**** The data ****

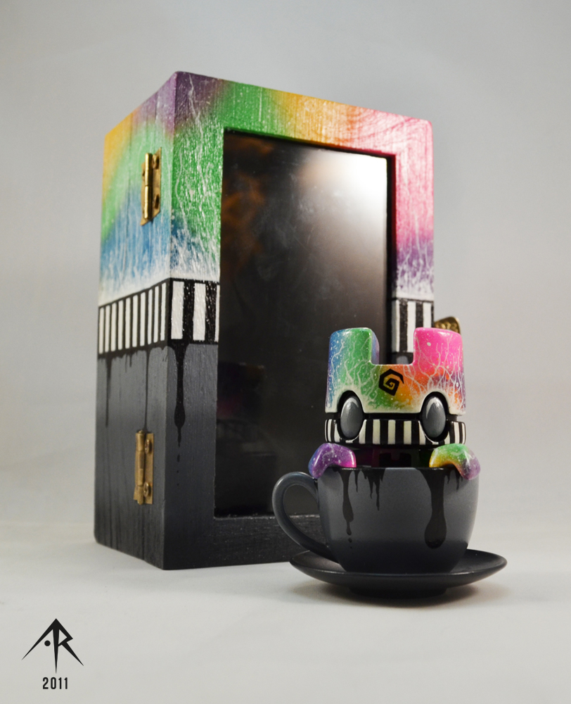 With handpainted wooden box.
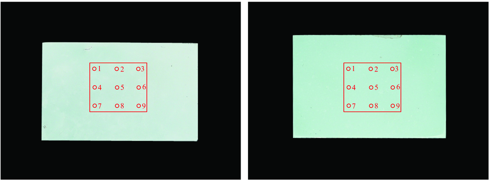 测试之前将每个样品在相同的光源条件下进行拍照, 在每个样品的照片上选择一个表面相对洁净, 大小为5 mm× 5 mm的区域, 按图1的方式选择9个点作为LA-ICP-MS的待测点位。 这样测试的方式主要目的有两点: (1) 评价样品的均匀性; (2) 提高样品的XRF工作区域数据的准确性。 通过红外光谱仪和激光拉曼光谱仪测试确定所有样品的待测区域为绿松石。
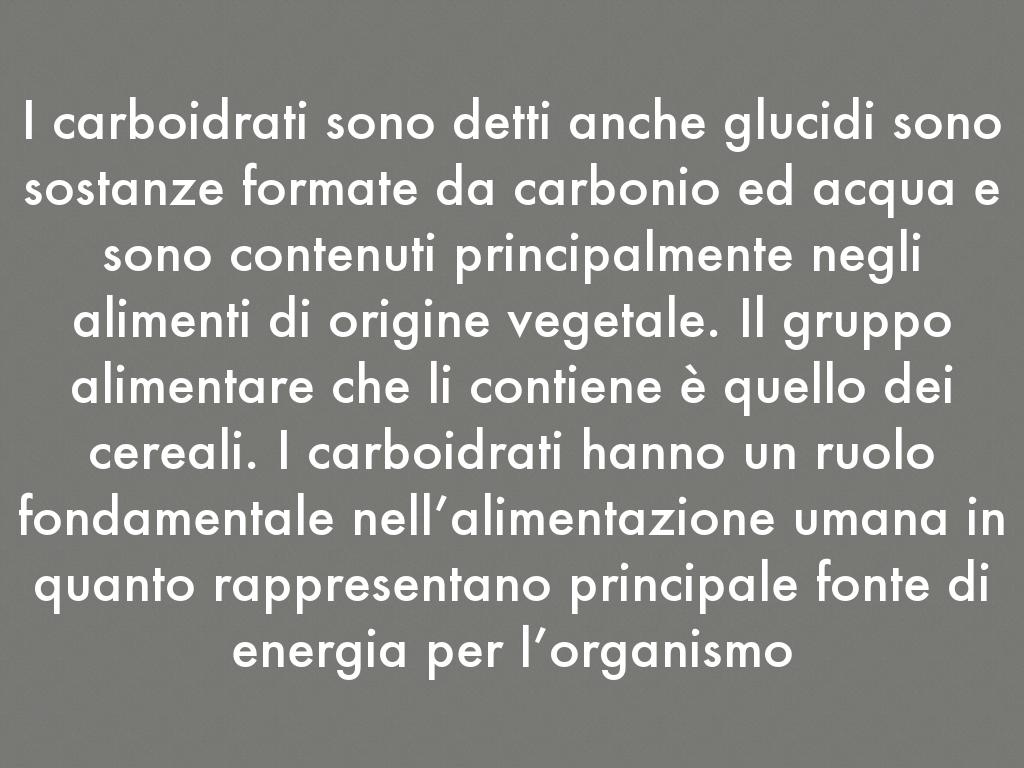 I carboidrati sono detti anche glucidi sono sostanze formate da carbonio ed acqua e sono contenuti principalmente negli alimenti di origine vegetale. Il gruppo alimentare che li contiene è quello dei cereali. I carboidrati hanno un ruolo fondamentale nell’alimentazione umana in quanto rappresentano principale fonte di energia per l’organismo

****

== Problem details ==
Reproduce the preceding material exactly, skipping pictures.

== Exercise result ==
 With handpainted wooden box.
 测试之前将每个样品在相同的光源条件下进行拍照, 在每个样品的照片上选择一个表面相对洁净, 大小为5 mm× 5 mm的区域, 按图1的方式选择9个点作为LA-ICP-MS的待测点位。 这样测试的方式主要目的有两点: (1) 评价样品的均匀性; (2) 提高样品的XRF工作区域数据的准确性。 通过红外光谱仪和激光拉曼光谱仪测试确定所有样品的待测区域为绿松石。
 I carboidrati sono detti anche glucidi sono sostanze formate da carbonio ed acqua e sono contenuti principalmente negli alimenti di origine vegetale. Il gruppo alimentare che li contiene è quello dei cereali. I carboidrati hanno un ruolo fondamentale nell’alimentazione umana in quanto rappresentano principale fonte di energia per l’organismo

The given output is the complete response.